Real-time spectroscopic ellipsometry studies of the growth of amorphous and epitaxial silicon for photovoltaic applications

Abstract

In situ monitoring of material properties during thin-film deposition provides researchers with a valuable tool for maximizing solar cell performance, while also enabling efficient exploration of deposition parameter space. This article describes how our research team has utilized in situ real-time spectroscopic ellipsometry (RTSE) to maximize our productivity in two related projects.
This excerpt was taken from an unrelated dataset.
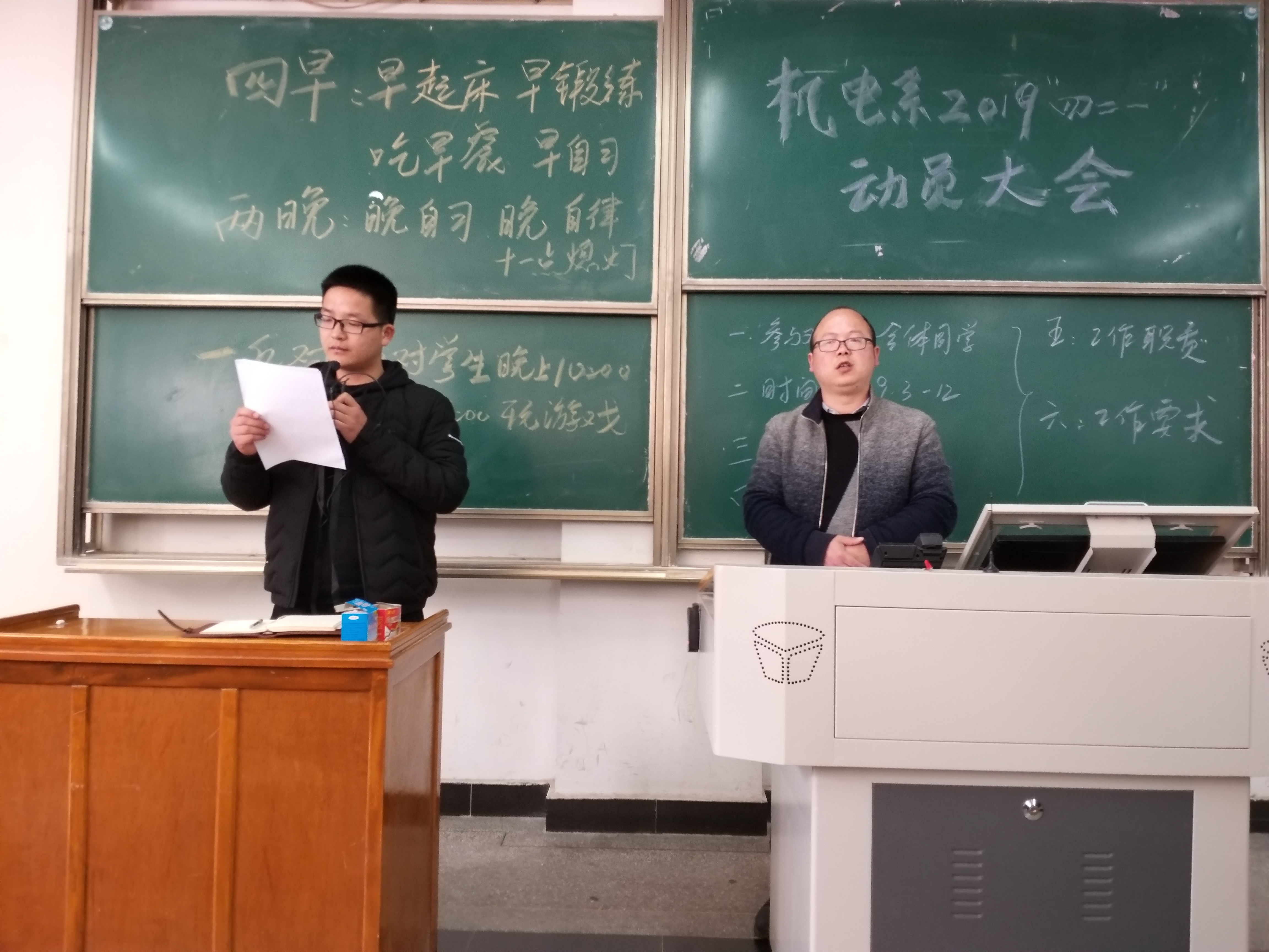 (通讯员:袁美晨)2019年3月11日中午12:10机械与电气工程系在三教3211举行了“四早两晚一反对”活动动员大会。出席本次会议的有机电系副主任李承亮老师,机电系全体辅导员老师,同时参会的还有机电系全体党员、入党积极分子、机电系团总支员工会主要干部、机电系勤工助理团全体成员。

We are using hot wire chemical vapor deposition (HWCVD) for low-temperature (90–235 °C) deposition of very thin films of amorphous hydrogenated silicon for amorphous Si∕crystal-Si heterojunction (SHJ) solar cells. We are also using HWCVD for low-temperature (200–440 °C) deposition of epitaxial films of silicon on crystal-Si substrates. We utilize RTSE as both an in situ diagnostic and a postgrowth analysis tool for SHJ solar cells and epi-Si films grown by HWCVD. Using input from RTSE analysis we have achieved a photovoltaic energy conversion efficiency of 17.1% on an Al-backed p-type float-zone c-Si wafer. Epi-Si films have been grown as thick as 500 nm utilizing parameter optimization based on RTSE analysis.